MythBusters Was Banned from Talking About RFID Chips by Credit Card Cos. (2012) - myinnerbanjo
https://gizmodo.com/5882102/mythbusters-was-banned-from-talking-about-rfid-chips-because-credit-card-companies-are-little-weenies
======
livueta

      Video unavailable
    
      "Mythbusters banned from tal..."
    
      The YouTube account associated with this video has been terminated due to multiple third-party notifications of copyright infringement.
    

The payment cartel at it again?
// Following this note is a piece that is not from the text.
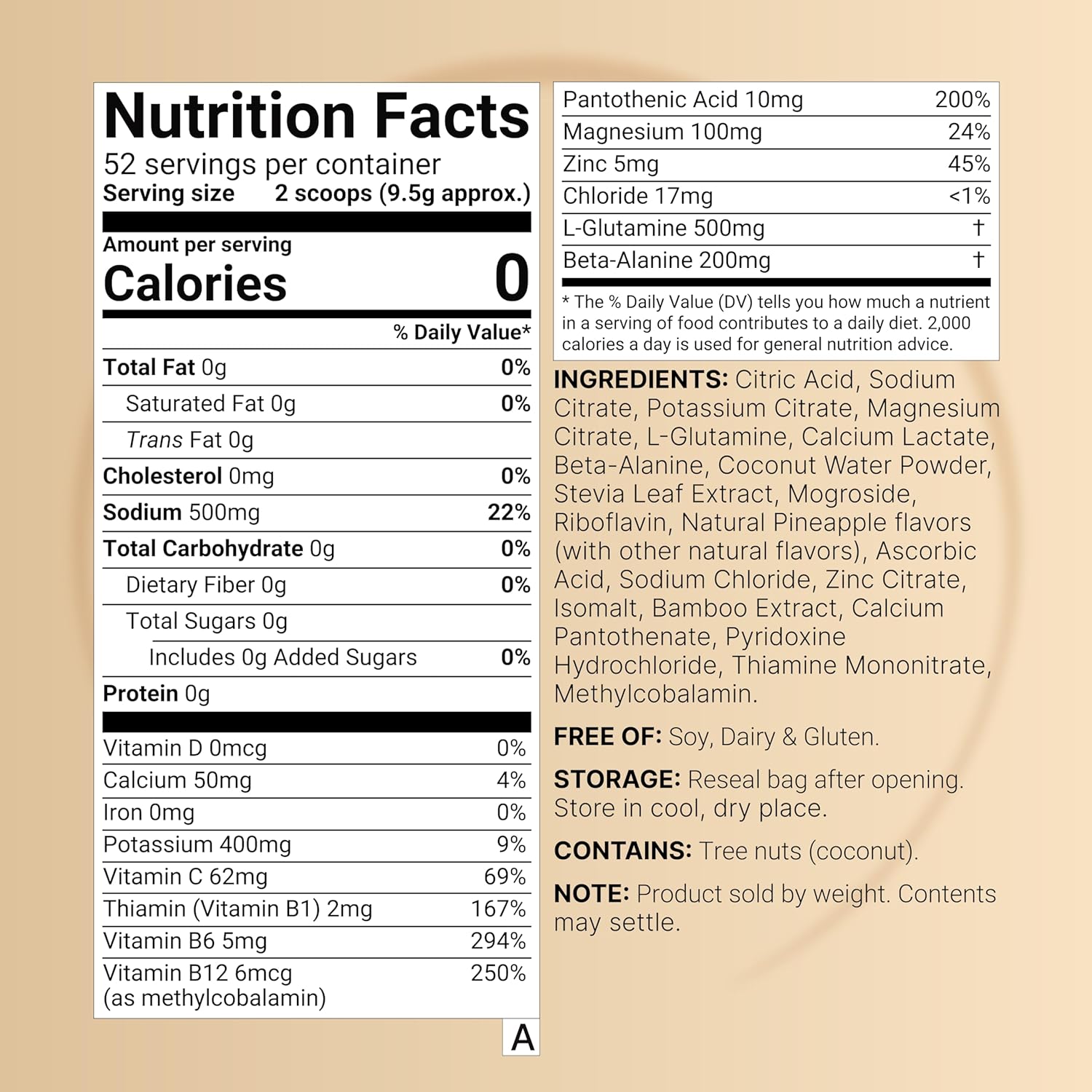 Each jar provides 500g (1.1 lbs) of powder, delivering a balanced hydration profile with 500mg Sodium, 400mg Potassium, 100mg Magnesium, 500mg L-Glutamine, and 200mg Beta-Alanine, plus Vitamin B12 (Methylcobalamin), Vitamin C, Thiamin, Vitamin B6, Zinc, and Pantothenic Acid.

Oh, wait:

> 2/03/12 5:40pm

That explains that.

Some quick searching indicates that there's a lot more to this story:
[https://www.theregister.co.uk/2008/09/04/mythbusters_rfid_ba...](https://www.theregister.co.uk/2008/09/04/mythbusters_rfid_backtrack/)
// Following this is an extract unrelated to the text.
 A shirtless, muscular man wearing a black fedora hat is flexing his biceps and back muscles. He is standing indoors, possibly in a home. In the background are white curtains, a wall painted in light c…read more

> The co-host of popular science television show Mythbusters has backtracked
> on claims that the Discovery Channel spiked a planned exploration of RFID
> security after coming under commercial pressure from credit card companies.
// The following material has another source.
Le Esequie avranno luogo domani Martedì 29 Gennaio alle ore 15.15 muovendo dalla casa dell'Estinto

> "There's been a lot of talk about this RFID thing, and I have to admit that
> I got some of my facts wrong, as I wasn't on that story, and as I said on
> the video, I wasn't actually in on the call," Savage said in the statement.

Seems like someone necro'd only the first half of this sequence of events,
neglecting to include the part where it came to light that it didn't actually
happen.

Or, if your tinfoil hat is on particularly tight today, Savage's statement is
just more evidence of the conspiracy to silence Mythbusters!

------
gumby
This “article” is essentially the title, little more